Local regulators have responded by drastically increasing the fines they hand out. In the UK data shows the size of fines issued by the Financial Conduct Authority (formerly the FSA) skyrocketed in 2011, up to almost £10m in some years. That might not seem like a lot of money, but it highlights a trend in which banks now increasingly run the risk of large penalties. Last year, South Africa’s Reserve Bank fined its top four banks approximately $10m for AML violations. Just last week, the US Financial Crimes Enforcement Network (FinCEN) handed down a $20m fine to Oppenheimer & Co for similar problems with compliance.

Throwing remittances under the bus

Remittance companies do not bring in much money to the big banks, but the size and random nature of regulatory fines has turned these firms into a liability. Based on 2012 data, four out of the ten most popular destinations for UK remittances in the global south were placed on the FATF blacklist in the last five years. Many other countries which represent only a small portion of remittances (such as Somalia) nonetheless generate concerns over terrorist financing, which in turn raises the expected costs for banks who do business with them.

In testimony given during a legal battle over its decision to kick out its remittance clientele, Barclay’s admitted that it was regulatory pressure, combined with the `high risk’ nature of MTOs which led to their decision to largely withdraw from the market. Rather than assess their customers on a case-by-case basis, as recommended by bodies such as the FATF, Barclays and many other banks are instead opting to minimize their exposure by cutting out risky remittance corridors altogether.

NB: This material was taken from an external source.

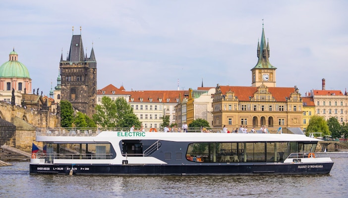 Crociera turistica diurna o serale sul fiume Moldava di un'ora con bevande opzionali | 11:30, 12:00, 12:30, 13:00, 13:30, 14:00, 14:30, 15:00, 15:30, 16:00, 16:30, 17:00, 17:30, 18:00, 18:30, 19:00, 13:00, 13:30, 14:00, 14:30, 15:00, 15:30, 16:00, 17:00, 18:00, 18:00, 19:00, 20:00 | Argine Dvorakovo, Molo 3 (vicino al ponte Čech) | Commento online, guida stampata in 16 lingue, guida mobile interattiva, Wi-Fi gratuito a bordo; Bevande analcoliche, bevande alcoliche o snack opzionali | Prenota ora |

These decisions will ultimately drive up the costs of remitting. Sonia Plaza at the World Bank has documented a rise in bank remittance costs in Australia following its recent spate of de-banking. In the UK, while it is merely suggestive evidence at this point, the price of sending money to Somalia from the UK began climbing following the Barclays decision, despite previously being fairly similar in cost to other remittance corridors from the UK (note that the largest UK remittance provider to Somalia, Dahabshiil, won an injunction against its closure until late 2014). Rising costs mean less money in the pockets of receiving families as well as more cash traveling through informal channels - two pernicious effects that should alarm the development community and regulators alike.